Businesses have always made decisions based on data. But as the volume of data available has grown exponentially, a new discipline has evolved. Data scientists, according to data from LinkedIn and other sources, are in high demand and are commanding massive salaries. Yet, faced with burgeoning data volume, variety and velocity, businesses are struggling to gain better insights because their business intelligence and decision support systems are trapped in thinking that was hatched almost four decades ago.

How do you make sense of all that data to gain insights that allow you to make better and faster decisions? We keep hearing about businesses needing to be more agile, but we still duplicate lots of data and complete complex transformation to make it fit a specific data model in order to allow business users to conduct analysis.

But that analysis is limited by what data is extracted – a decision often made by software engineers based on what’s most easily accessible and their understanding of the business problems and data that has been transformed using programmatic logic that is opaque to the people who need to know what the data means.

For decades, this model was the science of data warehousing. Business people would define the questions they want to ask and data engineers would determine the best sources of data to answer those questions. Data from those sources would be extracted, transformed and loaded into a new database. While today, we talk about ‘data lakes’, the principle is the same. Someone decides what data is needed, extracts it to a central location and lets users take advantage of tools to ask questions from the data.
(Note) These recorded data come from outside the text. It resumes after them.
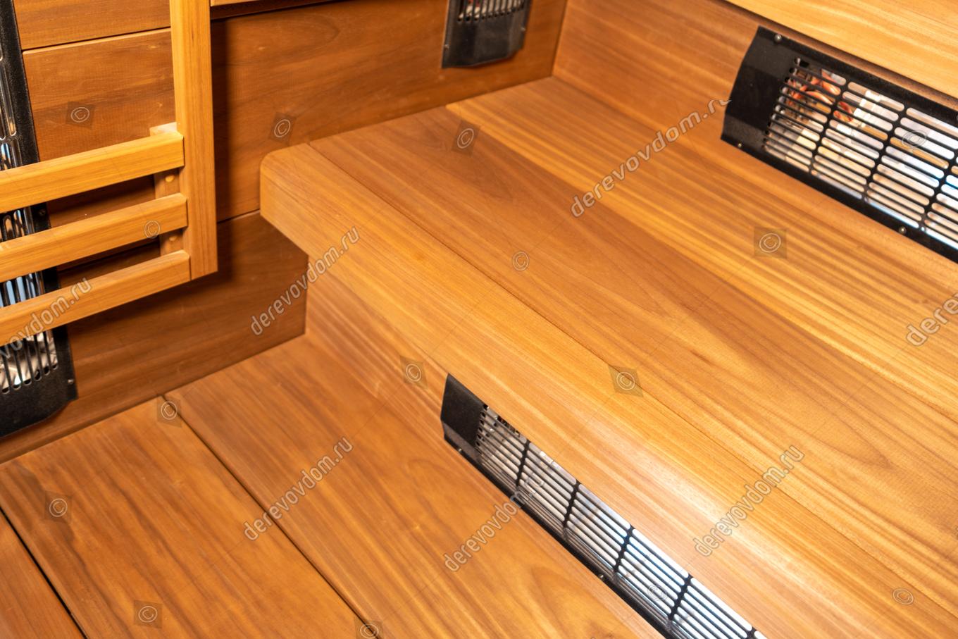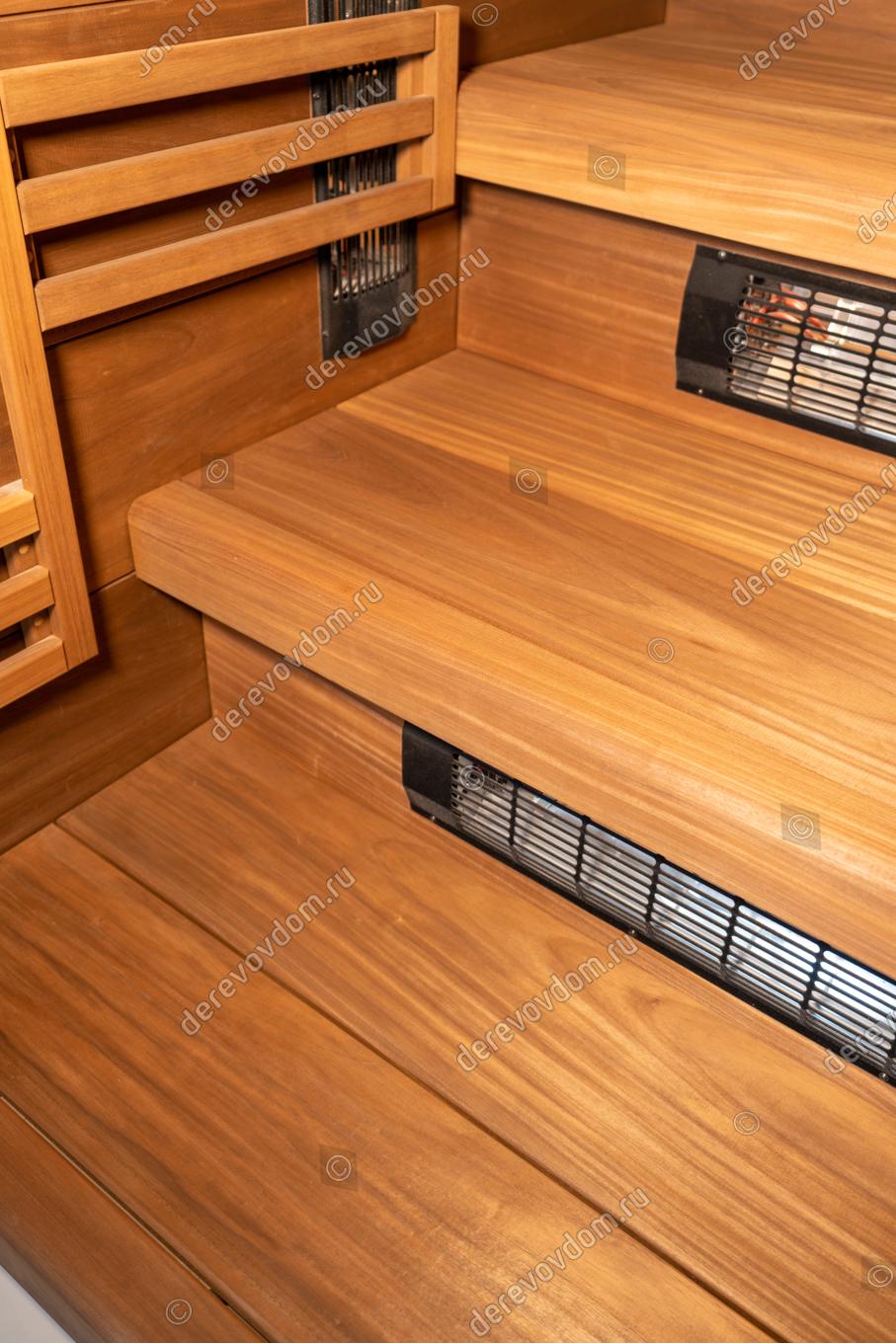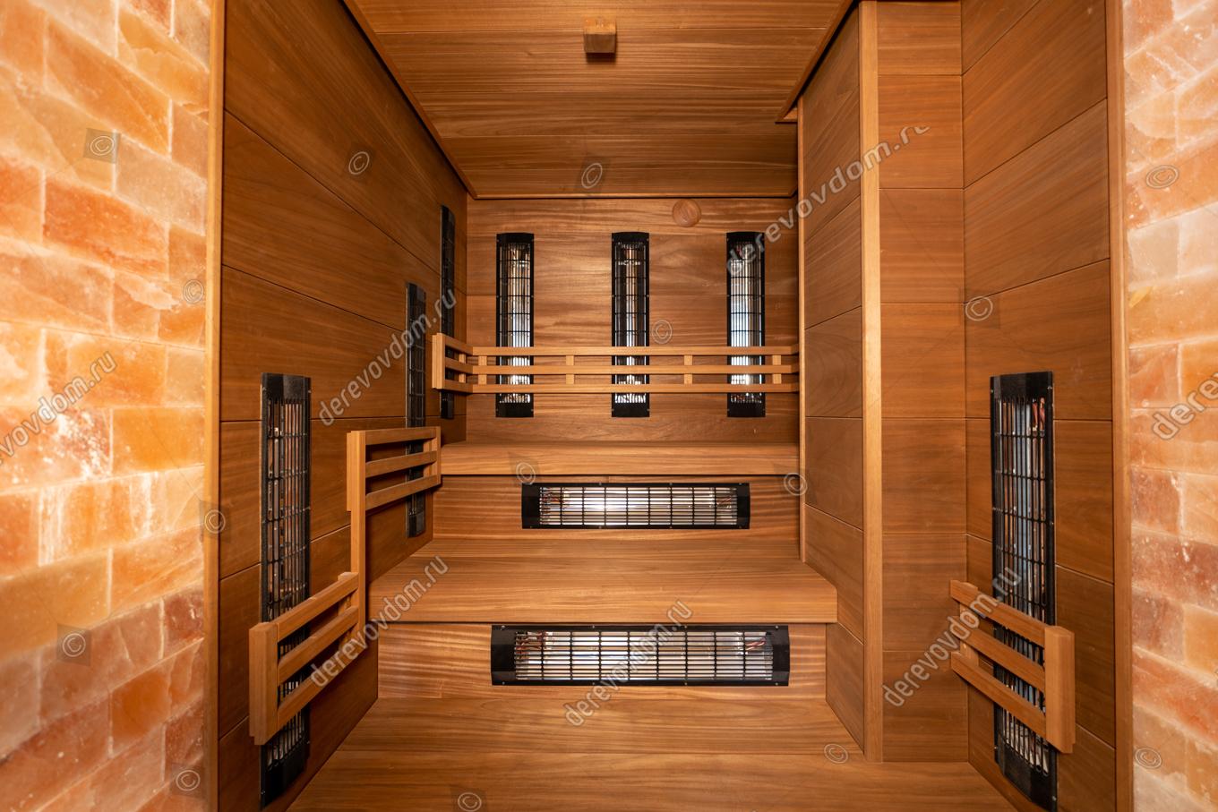 На стенах и полках — широкий термоабаши. Большая ширина (297 мм) отлично смотрится в интерьере современных бань и саун, а благодаря низкой теплопроводности древесина не будет перегреваться даже при сильном жаре. Двойной кессонный потолок с подсветкой визуально расширяет пространство и добавляет воздушности помещению, а соляные панно по бокам излучают теплый свет, проникающий через структуру плитки и завораживающий своей красотой. Хотите обсудить проект или заказать такой же? Просто заполните форму внизу страницы!
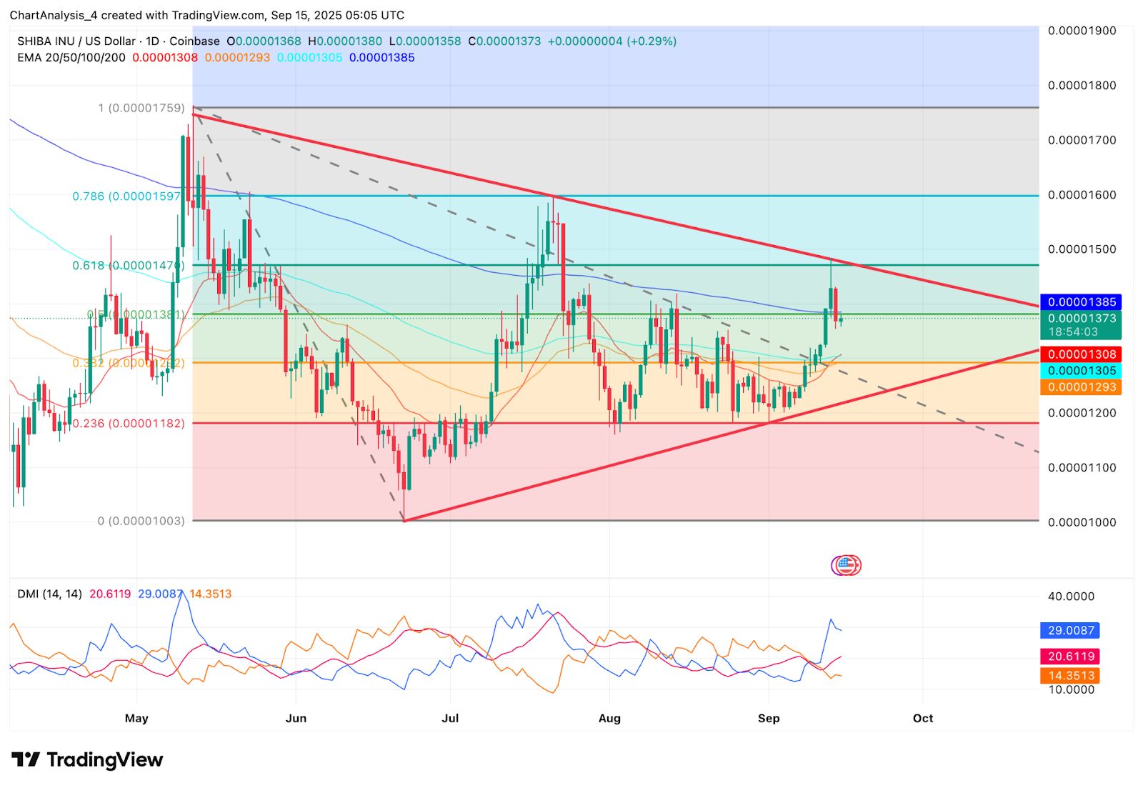 柴犬 (SHIB) 价格今日交易价约为 0.00001373 美元,此前该代币曾大幅上涨至其数月楔形的上轨。近期,该代币曾触及 0.00001450 美元,随后遭遇阻力。交易员目前关注的是,SHIB 的动能能否推动其突破这一供应区间,还是将进入盘整阶段。
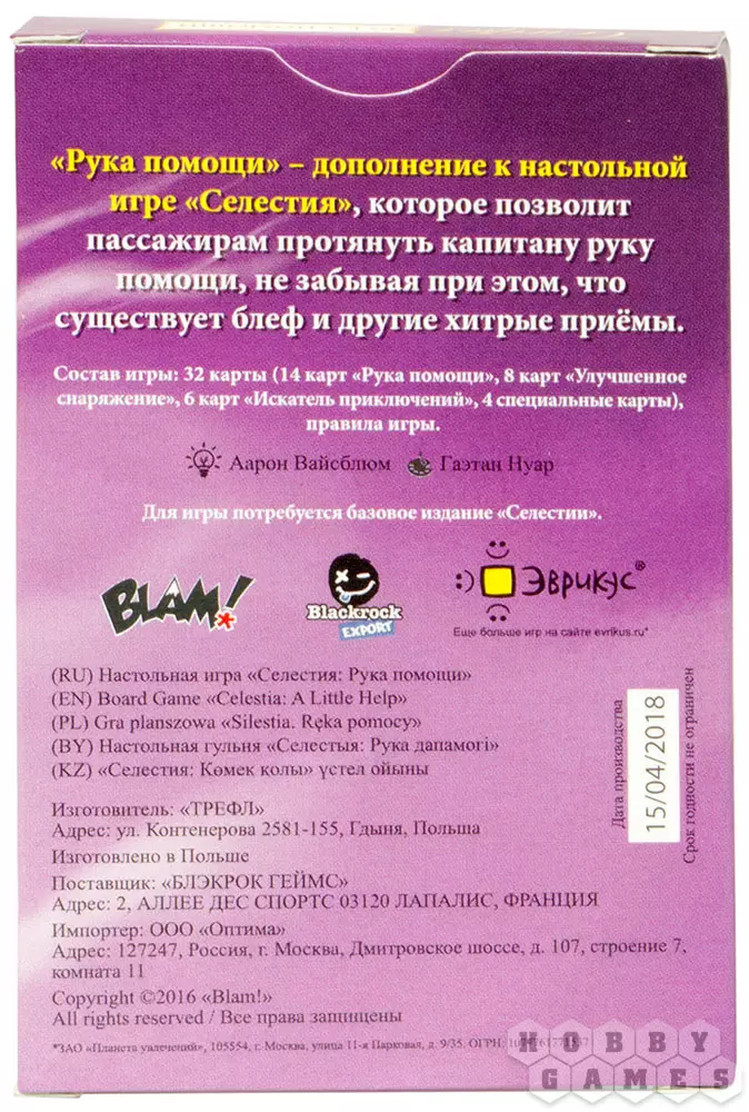 "Рука помощи" – дополнение к игре "Селестия". В этой игре вы путешествуете между городами на летающем корабле. Во время путешествия экипажу придётся сталкиваться с различными опасностями, которые могут трагически оборвать полёт. В базовой игре бремя решения всех проблем ложилось на игрока, которому на этот рейс досталась роль капитана. Остальным же оставалось либо слепо верить в успех, либо бежать с корабля. Теперь же у каждого члена экипажа есть шанс протянуть капитану руку помощи, чтобы увеличить общие шансы добраться до другого города в целости и сохранности. С другой стороны, если игроку нечего терять, то он может и саботировать полёт, чтобы после крушения все остались с пустыми карманами!
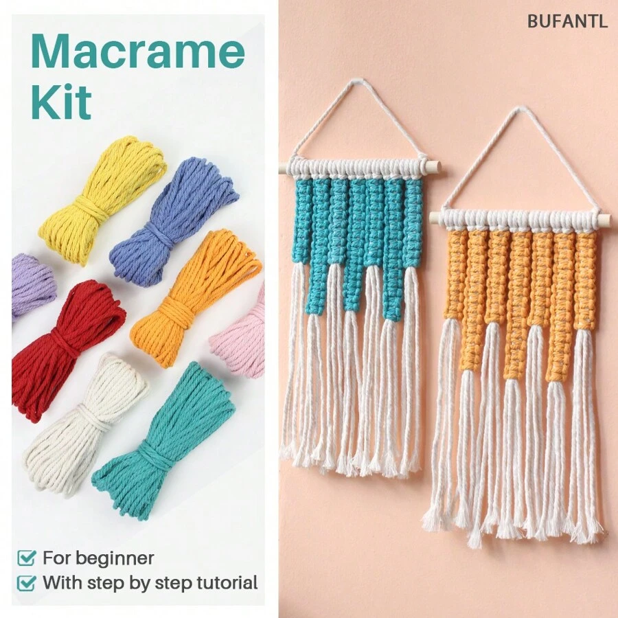 One Set Of Colorful Tapestry Macrame Kit, Which Includes Cut-To-Size Knitting Ropes, Wooden Sticks, And Knitting Tutorials. It's A Tapestry Knitting Set Suitable For Beginners, Used For Making Hand-Knitted Wall Hangings That Are Suitable For Hanging In Dining Rooms, Living Rooms, Bedrooms, And Studies.
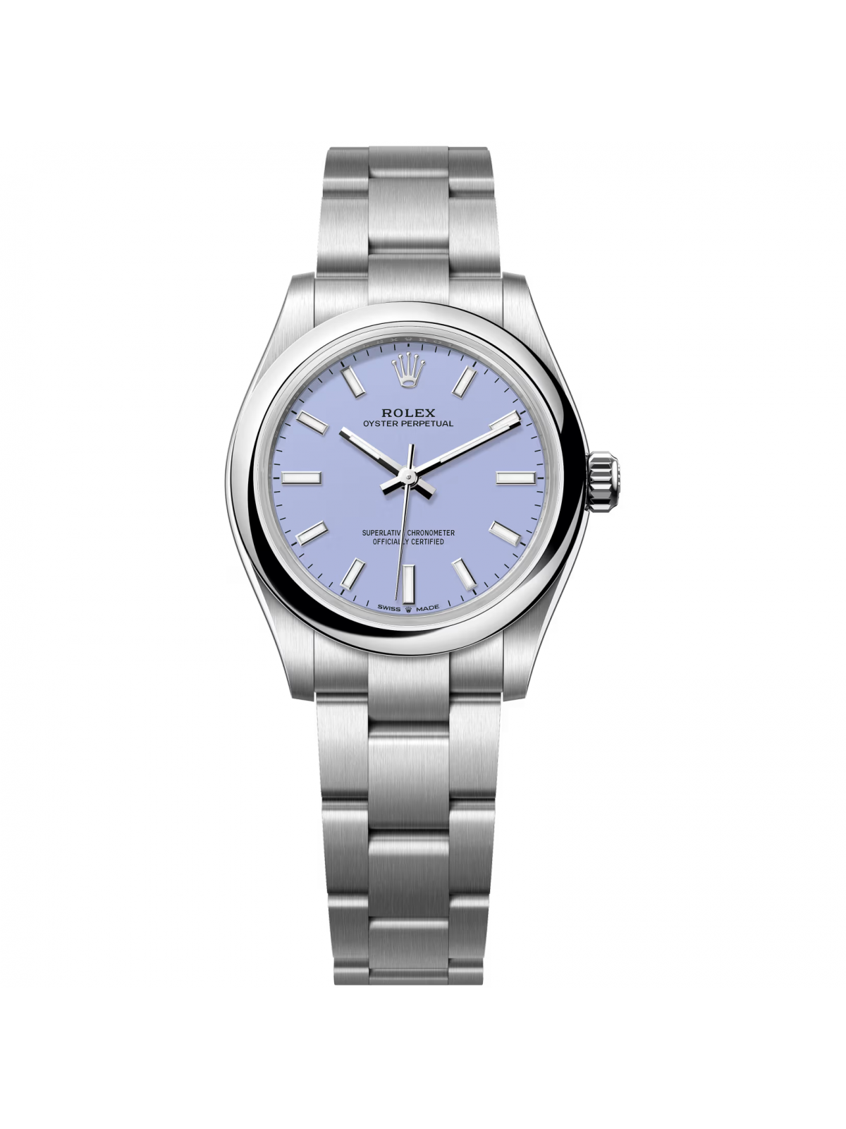 Корпус из нержавеющей стали, выполненный по классической коллекции Oyster Perpetual, идеально сочетается с лавандовым циферблатом — нежным, утонченным и в то же время ярким акцентом. Размер корпуса 31 мм делает часы комфортными и идеальными для женской руки, а водозащита 100 метров позволяет не бояться дождя или случайных брызг — их можно носить повседневно и в любые ситуации.

There are many problems with this process. Deciding what data sources to use and designing the extractions, transformations and loading processes (ETL) is time consuming and labour intensive. In many cases, by the time ETL is in place, the questions the business wants answered have changed or the opportunity that needed the answers has passed.

The business logic that underpins these decision support systems is trapped within the program logic of the ETL system and is invisible from the people who most need the system and costly to change. It also makes companies dependent on a limited pool of people who understand the ETL logic and, potentially, locks them into a single vendor as transferring that knowledge to another system is too hard.

And even if you had access to the best data scientists in the world, the algorithms they use to conduct analyses would be limited by what the ETL process gives them.

It’s little wonder that Gartner reported that about half of data warehousing projects fail to pass user acceptance. And that success rate may even have been optimistic considering the impact of cloud and hybrid systems. The data businesses need to consider when making decisions is now spread far and wide.

There is a better way. What if we could make everyone in the business a data scientist by letting them access whatever data they wanted, wherever it is, and empower them. Instead of being limited by the cost and availability of data scientists, you can make every business operative into a data scientist.

What’s needed is a way to use the great new query tools we see, that put the power to ask almost any question, against data wherever it is. For example, say your business maintains an on-prem general ledger system, Salesforce as its CRM, a point of sale system and Zendesk for customer support. Throw in social media channels such as Twitter and the view of a customer becomes quite complex.

In a traditional data warehousing project someone would decide which data would be used for customer analytics. That view might neglect the general ledger because the CRM is seen as more important. Or it might ignore social media because of a bias against its importance.

Business moves faster than ever before with more data from more sources, the old ways, which are still dominant today, simply don’t cut it. But a virtual data fabric can be used with familiar business analysis tools and allow business users to use data from any source they choose – and not only the sources that were easiest or cheapest for the traditional ETL approach.

This allows users to leverage their business knowledge to become data scientists as they become unencumbered by the limitations of the old ETL approach. The shortage of data scientists becomes a non-issue.

This is where the world of data analytics is moving. It takes away the limitations of the ETL approach, replacing it with one that allows business users to decide what data they need to answer a specific question. It takes away the time and cost of ETL, empowering people to use data to make decisions in real time without waiting for a data engineer to decide what data they can use.